Эспада с крестовидной гардой и простыми захватами под ней, без всяких лишних украшений и гравировок. Клинок утяжеленный, полной длины – не для фехтования, а для рубки в бою, где просто нет места изящным мулине. Сталь, пожалуй, самая лучшая, что можно найти в наше время, варили ее у меня в Гуттене, а доводил до готового изделия Альбрехт Штрафен, мой личный оружейник, переманенный из Золингена, где его дико невзлюбили за выдающееся мастерство и новаторство.
В пару к эспаде мизерикорд работы того же мастера. Длинный граненый клинок, для того чтобы пробивать сочленения доспехов или, в случае благородного поединка, добить поверженного противника. В бою до него обычно дело не доходит, но у каждого благородного рыцаря такой должен быть.
Отобрав клинки, я сам пристегнул их к поясу. Закинул за спину тарч, небольшой щит из окованного сталью мореного ясеня, а потом передал оруженосцам остальное оружие, которое отправится со мной при седле: секиру на длинном древке, бастард, копье, аркебузу с колесцовым замком и два пистоля с такими же замками.
Посмотрел в зеркало, довольно хмыкнул и погнал своих женщин за сыновьями.
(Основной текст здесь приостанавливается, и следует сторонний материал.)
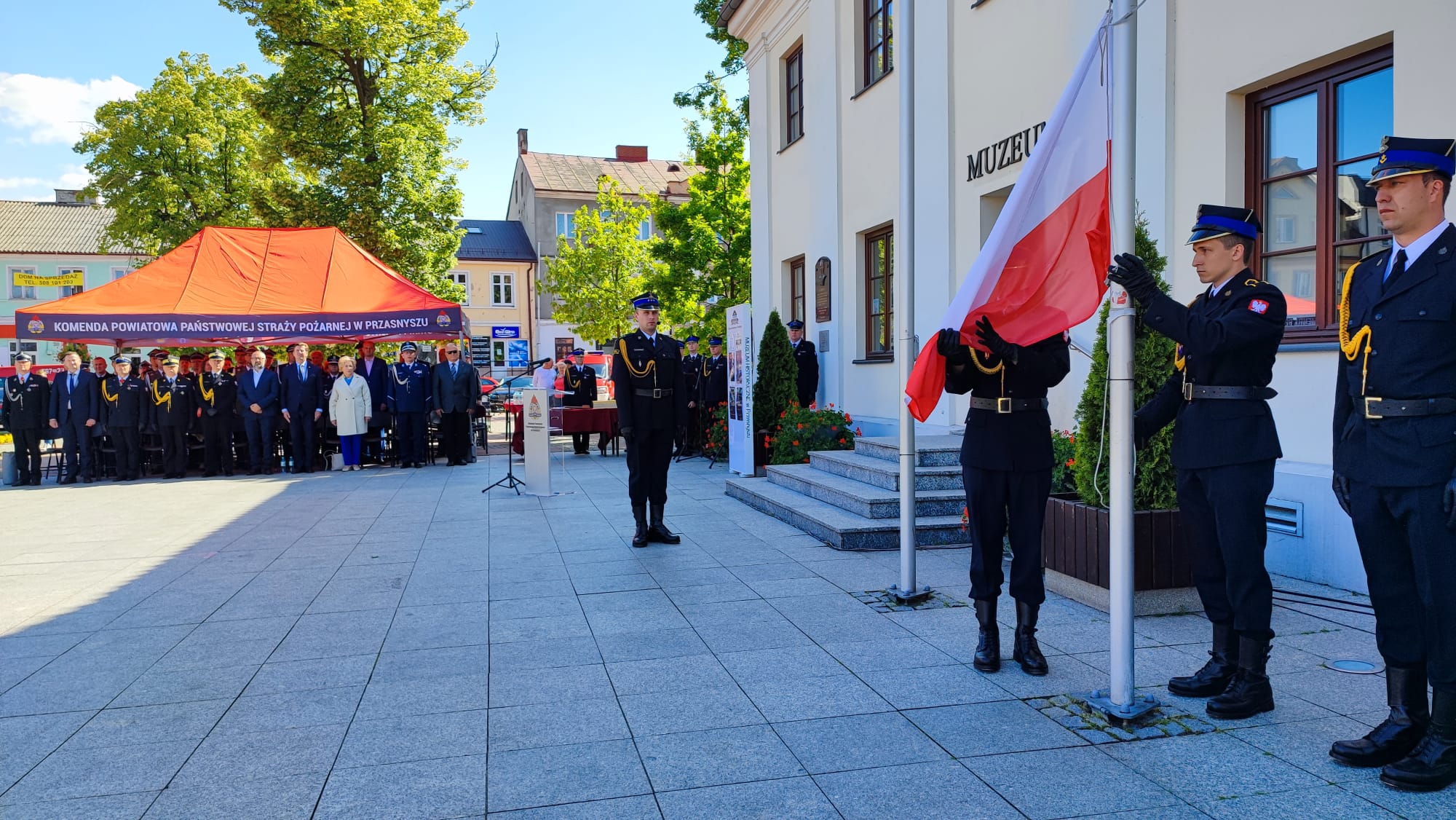 Obchody Powiatowego Dnia Strażaka w Przasnyszu swoją obecnością zaszczycili m.in.: Pan Rafał Romanowski Sekretarz Stanu w Ministerstwie Rolnictwa, Pani Anna Ewa Cicholska Poseł na Sejm, Komendant Główny Państwowej Straży Pożarnej w Przasnyszu gen.bryg. Andrzej Bartkowiak, nadbryg. Jarosław Piotrowski Mazowiecki Komendant Wojewódzki Państwowej Straży Pożarnej, parlamentarzyści, przedstawiciele władz wojewódzkich, przedstawiciele władz samorządowych, przedstawiciele służb mundurowych, przedstawiciele jednostek Ochotniczych Straży Pożarnych, lokalna społeczność.

Чмокнул мирно дремавших кровиночек в лобики и потопал на конюшню, где конюхи уже обрядили Буяна, моего боевого жеребца, в бард – лошадиный доспех. Но облегченный, лишь только с отдельными латными элементами, так как Буян не дестрие, а ближе к породе курсе. Увы, настоящего дестриера мне на Руси негде взять, привезти морем тоже не получится, загублю животину. Но Буян тоже хорош: злобная и шустрая боевая скотина – подарен тестем любимому зятю, то бишь великим князем Иваном Третьим мне.
При прощании с любимыми не обошлось без слез и прочих проявлений женской эмоциональности. Впрочем, понять их можно: не привыкли еще. Ничего, заберу в Европу – там живо отучатся слезу пускать при расставании. Супруга благородного сеньора должна воспринимать разлуку как данность: сдержанно, с величавой печальностью, не более того, излишняя эмоциональность считается дурным тоном. По крайней мере, на людях.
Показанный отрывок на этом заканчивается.